This article shares with you a very interesting topic about high concurrency issues in the development of Honor of Kings. I hope it can bring you ideas for solving such problems. Let’s learn together about the analysis of high concurrency issues in the development of Honor of Kings.
"Glory of Kings" is a national-level mobile game with a huge user base and has maintained a high frequency of updates. In this business scenario, bursts have become very frequent. However, business experience is crucial, and the use of CDN is essential. Similarly, there are often scenarios where bandwidth bursts, such as breaking news videos, large-scale live broadcast events, the release of popular movies and TV series, and the release of popular games and other applications. At the same time, due to the rapid upgrade of home bandwidth and mobile networks, the magnitude of burst bandwidth is getting larger and larger, often reaching Tb level, or even 10Tb. How to protect business emergencies quickly and at low cost has become a major challenge for CDN.

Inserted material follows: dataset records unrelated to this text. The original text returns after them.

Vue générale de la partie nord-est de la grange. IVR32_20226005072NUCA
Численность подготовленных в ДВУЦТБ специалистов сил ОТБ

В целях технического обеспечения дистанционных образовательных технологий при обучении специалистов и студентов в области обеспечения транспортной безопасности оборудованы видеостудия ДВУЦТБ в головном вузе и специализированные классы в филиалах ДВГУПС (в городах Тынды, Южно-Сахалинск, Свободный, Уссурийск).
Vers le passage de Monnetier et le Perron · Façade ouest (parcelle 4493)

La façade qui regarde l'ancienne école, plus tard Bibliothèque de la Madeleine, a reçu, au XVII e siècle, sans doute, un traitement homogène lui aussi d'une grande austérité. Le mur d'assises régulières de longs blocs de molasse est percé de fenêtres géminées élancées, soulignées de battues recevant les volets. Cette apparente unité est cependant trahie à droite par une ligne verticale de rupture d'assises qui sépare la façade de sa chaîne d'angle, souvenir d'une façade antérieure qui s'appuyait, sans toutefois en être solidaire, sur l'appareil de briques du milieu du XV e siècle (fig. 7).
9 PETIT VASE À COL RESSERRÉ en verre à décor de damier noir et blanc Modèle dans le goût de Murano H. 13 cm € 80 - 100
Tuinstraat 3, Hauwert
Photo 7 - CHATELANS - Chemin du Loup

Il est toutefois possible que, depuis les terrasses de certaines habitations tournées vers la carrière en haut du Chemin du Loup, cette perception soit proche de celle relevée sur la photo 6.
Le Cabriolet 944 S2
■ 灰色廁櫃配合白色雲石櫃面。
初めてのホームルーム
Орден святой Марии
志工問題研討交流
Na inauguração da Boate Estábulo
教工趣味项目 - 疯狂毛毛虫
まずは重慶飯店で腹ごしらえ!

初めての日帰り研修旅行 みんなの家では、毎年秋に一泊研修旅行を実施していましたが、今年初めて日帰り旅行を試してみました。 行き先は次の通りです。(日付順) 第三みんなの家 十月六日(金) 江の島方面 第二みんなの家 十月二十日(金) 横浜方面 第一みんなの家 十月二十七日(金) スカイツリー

The most popular mobile game "Honor of Kings" in China has hundreds of millions of users and tens of millions of daily active users. How to ensure business emergencies quickly and at low cost? This article starts from this problem, discusses the corresponding solution to the problem, and summarizes its effects.
Background
In 2007, Tencent’s self-built CDN was launched and connected to its first business, Tencent.com. Up to now, the CDN bandwidth has grown from tens of Gb at the earliest to tens of Tb now. The bandwidth of single services is also getting larger and larger. The constant bandwidth of most services is several hundred Gb, and some burst services have reached 10Tb. The rapid upgrade of the network, the explosive growth of mobile users, and the rise of video services including on-demand and live broadcasts have made business bursts more and more frequent, the burst bandwidth has become higher and higher, and the requirements for CDN have become higher and higher.
Benefiting from the booming development of Tencent's business, the self-built CDN has successively supported Tencent's internal businesses such as game downloads, streaming video acceleration, and Spring Festival red envelopes. In 2014, Tencent opened up the CDN's full capabilities and became a Tencent Cloud CDN product. , in addition to carrying internal business, it has also begun to connect to third-party customers, such as Kuaishou on-demand, Douyu Live, etc. All of the above services have emergency scenarios and strong cost requirements. Tencent CDN has accumulated rich experience in how to protect business emergencies at low cost. Next, we will analyze the challenges and problems, solutions, and effects.
1. Challenges and problems
The following will start with the business characteristics and analyze the current challenges and problems.
1. Business characteristics and challenges
The diverse scenarios of CDN are doomed to be full of challenges for emergencies. Burst services are characterized by large volume, diverse scenarios, and irregularities.
a) Large volume: Most of the burst service bandwidth exceeds Tb, and some even reach 10T;
b) Diversified scenarios: hot dramas and news hot spots on demand; Live broadcasts of games such as LOL/KPL/DOTA2, live sports such as NBA/World Cup, and live broadcasts of variety shows such as concerts; downloads of games such as Honor of Kings in application downloads; red envelope activities, e-commerce promotions, etc. in static web page acceleration;
c) Irregular: Some sudden events are unpredictable and you won’t know until the event is about to start or has already started, such as breaking news.
The volume is large and more resources need to be prepared; the scenarios are diverse and different resource requirements need to be met; the irregularity puts high requirements on our expansion efficiency.
2. Current problems
The cost of reserving a large amount of resources just to meet sudden business needs is too high and will cause a huge waste of resources. Therefore, resources are generally reused to cope with business emergencies. However, there are two problems in directly reusing resources:
a) Only some resources can be reused: CDN business generally distinguishes platforms and resource usage according to business types. The main reason is that different business types have different resource requirements. , for example, the on-demand category requires more storage; the static page category with more https requests requires more CPU resources. This limitation prevents resources from being fully utilized and makes resource preparation more difficult. For example, video bursts mainly use video buffers, but download and web page buffers cannot be used directly, which limits the size of the buffer. Even if the same type of resources is reused, because it involves the coordination of multiple business resources, the preparation time will generally exceed two days, which cannot cope with temporary emergencies;
b) Unable to reduce costs: In addition, for some sudden services, such as For game application downloads, the bandwidth peaks in the morning and noon. If only the resources of this platform are used, the settlement bandwidth will increase significantly, thereby increasing costs. The characteristics of off-peak hours with other services cannot be used to reduce settlement bandwidth.
2. Solution
Tencent Cloud CDN reuses existing resources through virtualization to build a burst pool common to all services, and all platforms share the Buffer. The devices in the burst pool are Docker virtual machines. The virtual machines have different specifications and can be used on demand as long as the business needs them. The bandwidth reserve in the burst pool reaches 10Tb, which can basically meet all business burst needs. If any business has sudden demand, with the automated listing interface, the 10Tb burst pool can be expanded in 10 minutes.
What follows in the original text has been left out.